批处理数据生成器如下:
BATCH_SIZE=512
HEIGHT=128
WIDTH=128
def read_and_decode(filename_queue):
reader = tf.TFRecordReader()
_, serialized_example = reader.read(filename_queue)
features = tf.parse_single_example(
serialized_example,
# Defaults are not specified since both keys are required.
features={
'X': tf.FixedLenFeature([HEIGHT, WIDTH, 1], tf.float32),
'y': tf.FixedLenFeature([48], tf.int64),
})
image = tf.cast(features['X'], tf.float32)

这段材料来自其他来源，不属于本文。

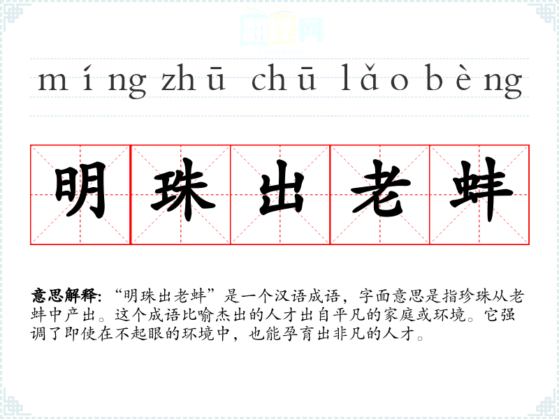 - 口语:在日常对话中,人们可能用这个成语来鼓励那些来自普通家庭的孩子,如“别小看他,他可是明珠出老蚌,将来一定有出息。”
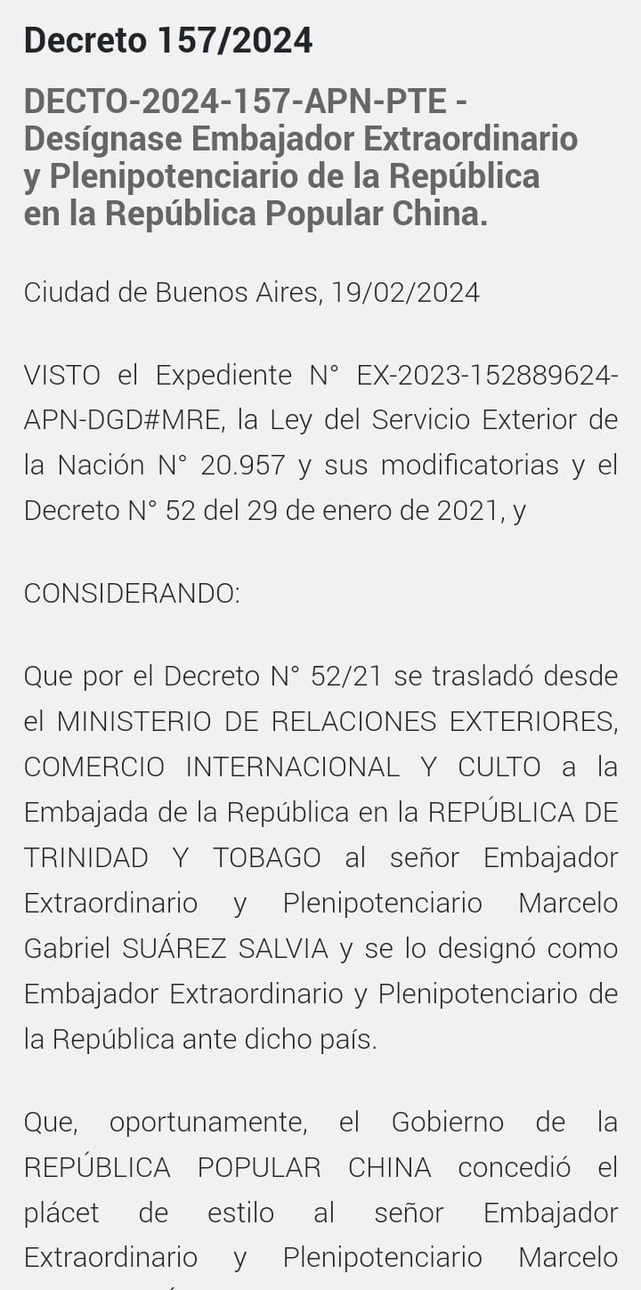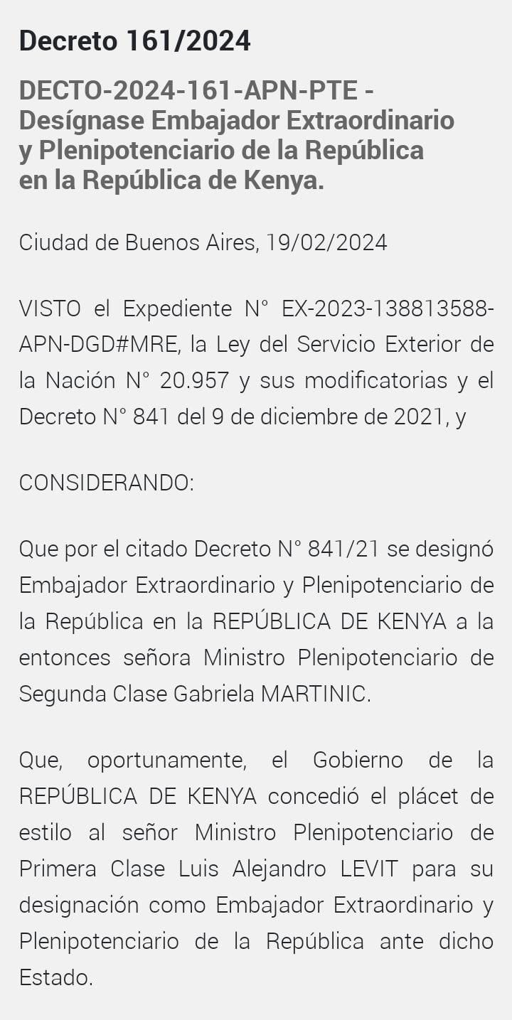 Como embajador en China se nombró a Marcelo Salvia, por medio del Decreto 157/2024; y a Luis Levit, en Kenia, según el Decreto 161/2024, firmado por el presidente Javier Milei y por la canciller Diana Mondino.
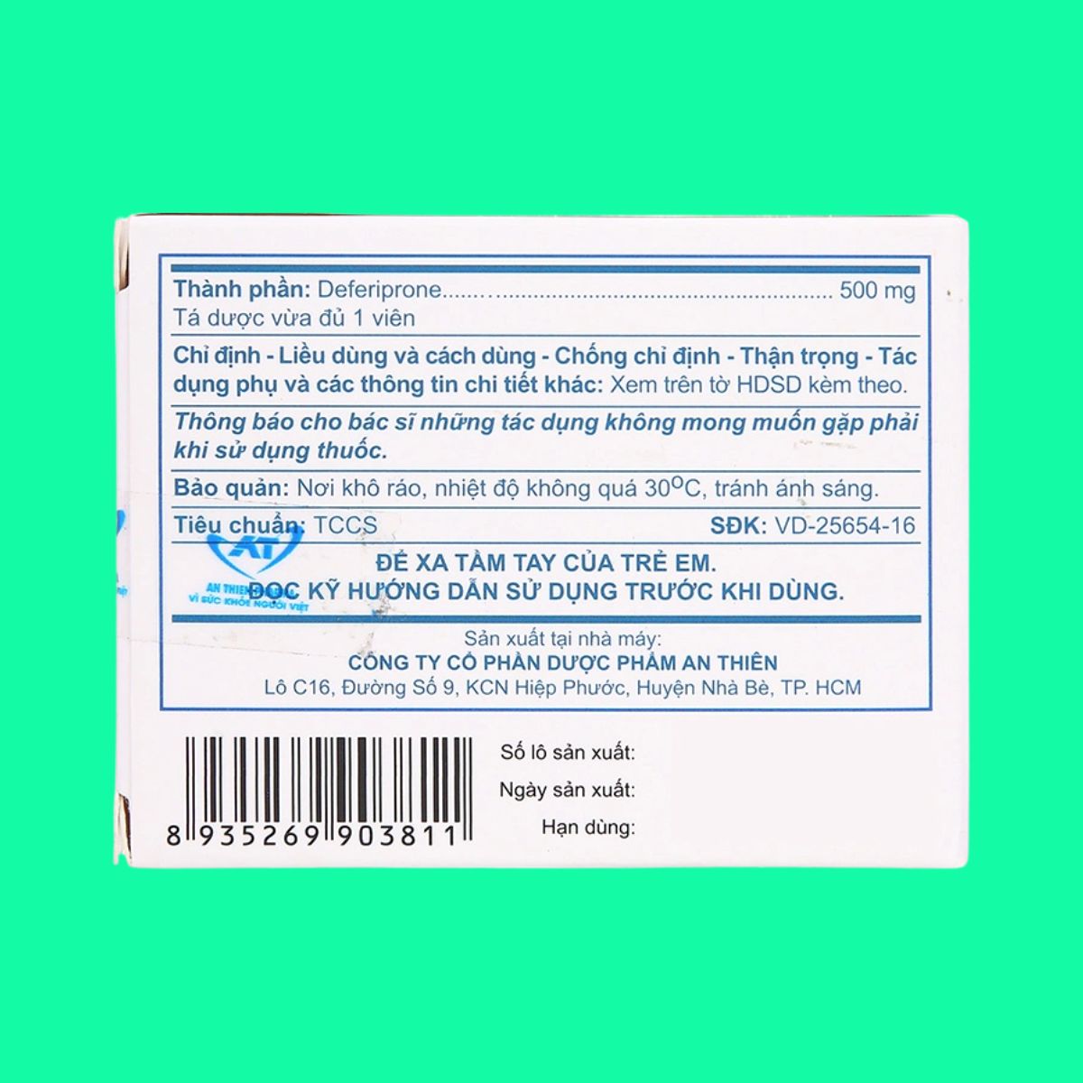 Thuốc Deferiprone A.T 500mg dùng cho bệnh nhân mắc bệnh Thalassemia bị quá tải sắt nhưng không đáp ứng điều trị hoặc chống chỉ định dùng Deferoxamine.

label = tf.cast(features['y'], tf.float32)
return image, label
def inputs(filenames, batch_size, num_epochs, shuffle=True):
if num_epochs==0:
num_epochs=None
with tf.name_scope('input'):
filename_queue = tf.train.string_input_producer(filenames,
shuffle=shuffle,
capacity=16*batch_size,
num_epochs=num_epochs)
image, label = read_and_decode(filename_queue)
if shuffle:
images, sparse_labels = tf.train.shuffle_batch([image, label],
batch_size=batch_size,
num_threads=4,
capacity= 32 * batch_size,
min_after_dequeue= 1 * batch_size)
else:
images, sparse_labels = tf.train.batch([image, label],
batch_size=batch_size,
num_threads=1,
capacity= 1 * batch_size,
allow_smaller_final_batch=True)
return images, sparse_labels
主要消费者代码如下:
t0=time.time()
image_val, label_val = sess.run([image_op, label_op])
t1=time.time()
_,output_val,loss_val,summary_val=sess.run([optimizer,output,loss,summary_op], feed_dict={image_ph:image_val, label_ph:label_val, phase_train:True})
t2=time.time()
print(global_step, loss_val, t1-t0, t2-t1)
部分结果如下:
(1, 4.7936598e+08, 1.6970429420471191, 1.16087007522583)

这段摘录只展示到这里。